S1Q5: behavior on pages

This question was intended to gauge how often people perform an action for a specific page; as such, the frequencies are expressed in page-relative terms.

The following table presents the scores for each response, which are weighted by the number of responses. The scores range from 1 (for every page) to 5 (never); in other words, the lower the number, the more frequently one does the thing.

For what fraction of pages you read do you do the following? Note that the responses have been shortened here; see the “Survey questions” section for the wording used in the survey. Responses are sorted by the values in the SSC column. SM = SurveyMonkey audience, V = Vipul Naik’s timeline, SSC = Slate Star Codex audience, AM = Wikipedia Analytics mailing list, H = heavy users (26 or more articles per week) of Wikipedia.
Response SM V SSC AM H
Check ≥1 citation 3.57 2.80 2.91 2.67 2.69
Look at “See also” 3.65 2.93 2.92 2.67 2.76
Read mostly for “Criticisms” or “Reception” 4.35 3.12 3.34 3.83 3.14
Click through ≥1 source to verify information 3.80 3.07 3.47 3.17 3.36
Share the page 4.11 3.72 3.86 3.67 3.79
Look at the talk page 4.31 4.28 4.03 3.00 3.86
Look at the editing history 4.35 4.32 4.12 3.33 3.92
Edit a page for grammatical/typographical errors 4.50 4.41 4.22 3.67 4.02
Edit a page to add new information 4.61 4.55 4.49 3.83 4.34
Look at editing history to verify author 4.50 4.65 4.48 3.67 4.73
Check how many pageviews a page is getting 4.63 4.88 4.96 3.17 4.92

The table above provides a good ranking of how often people perform these actions on pages, but not the distribution information (which would require three dimensions to present fully). In general, the more common actions (scores of 2.5–4) had responses that clustered among “For some pages”, “For very few pages”, and “Never”, while the less common actions (scores above 4) had responses that clustered mainly in “Never”.

One comment (out of 43) – from the SSC group, but a different individual from the two in S1Q4 – bemoaned deletionism.

S2Q1: number of Wikipedia pages read per week

Note the wording changes on this question for the second survey: “less” was changed to “fewer”, the clarification “at least one sentence of” was added, and we explicitly allowed any language. We have also presented the survey 1 results for the SurveyMonkey audience in the corresponding rows, but note that because of the change in wording, the correspondence isn’t exact.

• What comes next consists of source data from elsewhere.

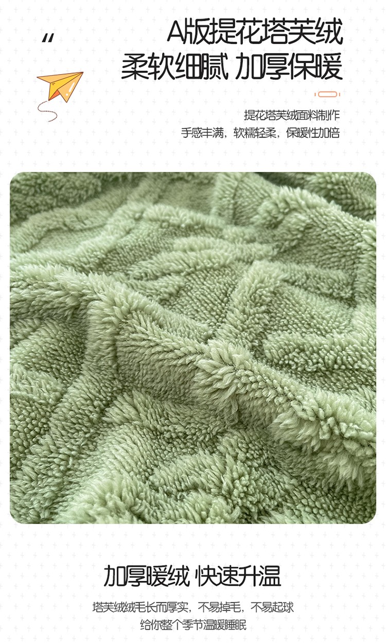 当前位置: 91家纺网 > 商品网购 > 毛毯休闲毯绒毯 > 毛毯 > 新月家纺 2022新款塔芙绒多功能被套毯 茶绿
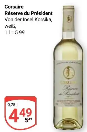 Den Preis von dem Corsaire Réserve du Président finden Sie auch oben auf der Website, zusammen mit dem Datum, ab wann das Angebot erhältlich ist. Sie können die Preise auch im aktuellen Globus Prospekt nachhalten oder auf der Globus Website nachschauen. Durch die Angebote können Sie sicher sein, die Globus Produkte zum absoluten Bestpreis zu ergattern.
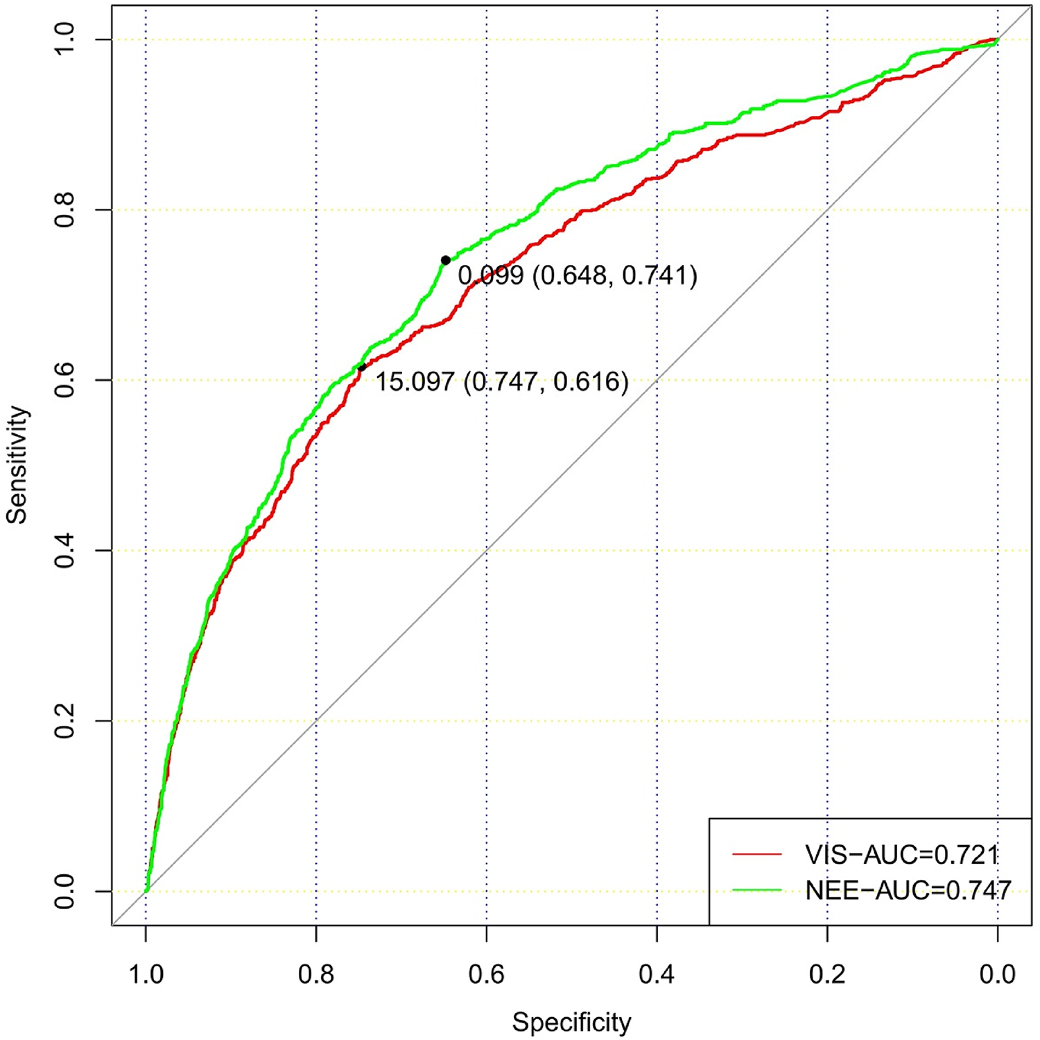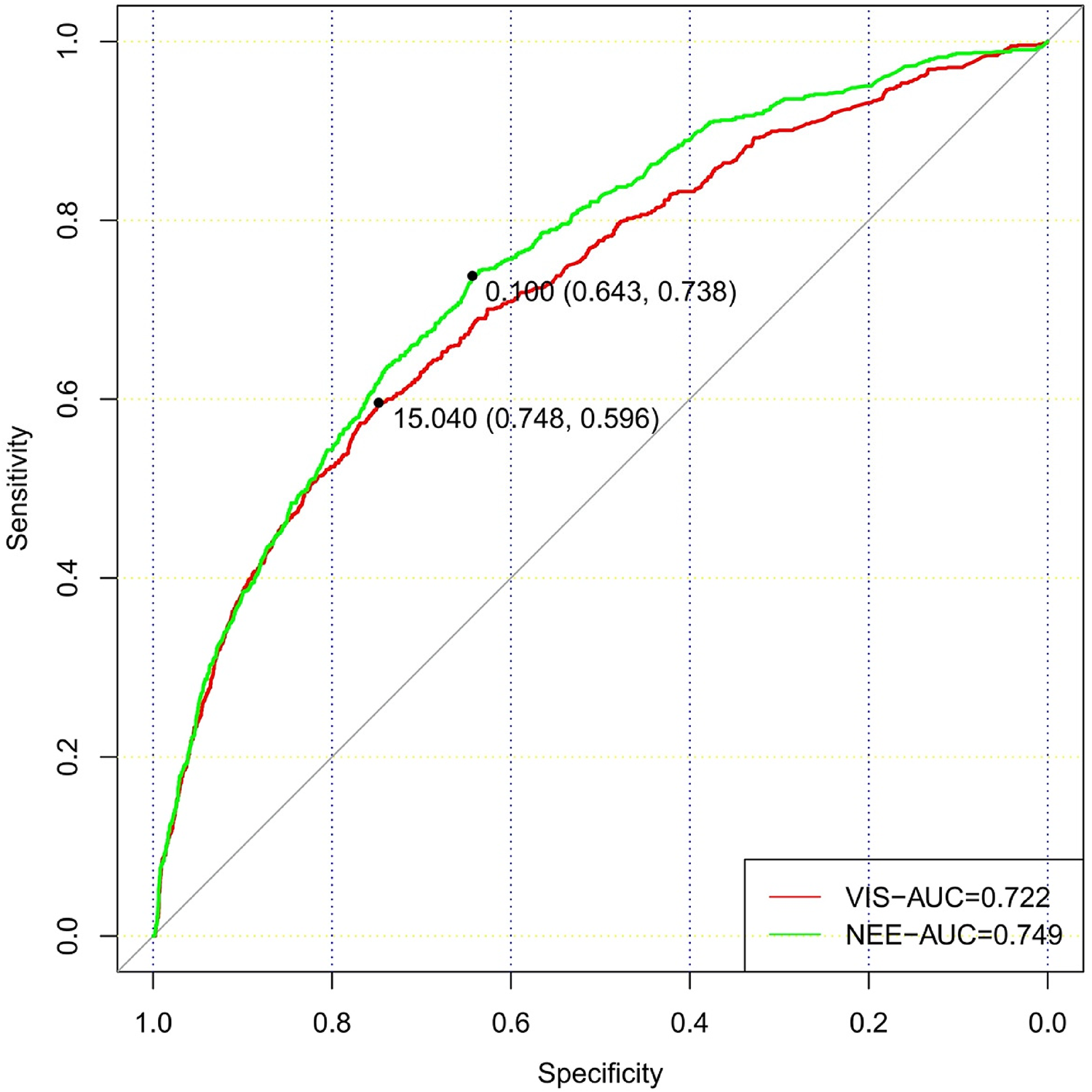 Supplementary Figure S2Comparison of the ability to predict 14-day mortality between the VIS and NEE score in the second hour. In the second hour, the AUC, sensitivity, and specificity values for the VIS = 15.040 cutoff value were 72.7%, 73.7%, and 61.1%, respectively. The AUC, sensitivity, and specificity values for the NEE score = 0.100 cutoff value were 75.3%, 63.1%, and 75.4%, respectively. VIS, vasoactive-inotropic score; NEE, norepinephrine equivalent; AUC, area under the receiver operating characteristic curve.

How many distinct Wikipedia pages do you read (at least one sentence of) per week on average? SM = SurveyMonkey audience with no demographic filters, CEYP = College-educated young people of SurveyMonkey, S1SM = SurveyMonkey audience with no demographic filters from the first survey.
Response SM CEYP S1SM
Fewer than 1 37% 32% 42%
1 to 10 48% 64% 45%
11 to 25 7% 2% 13%
26 or more 7% 2% 0%

Comparing SM with S1SM, we see that probably because of the wording, the percentages have drifted in the direction of more pages read. It might be surprising that the young educated audience seems to have a smaller fraction of heavy users than the general population. However note that each group only had ~50 responses, and that we have no education information for the SM group.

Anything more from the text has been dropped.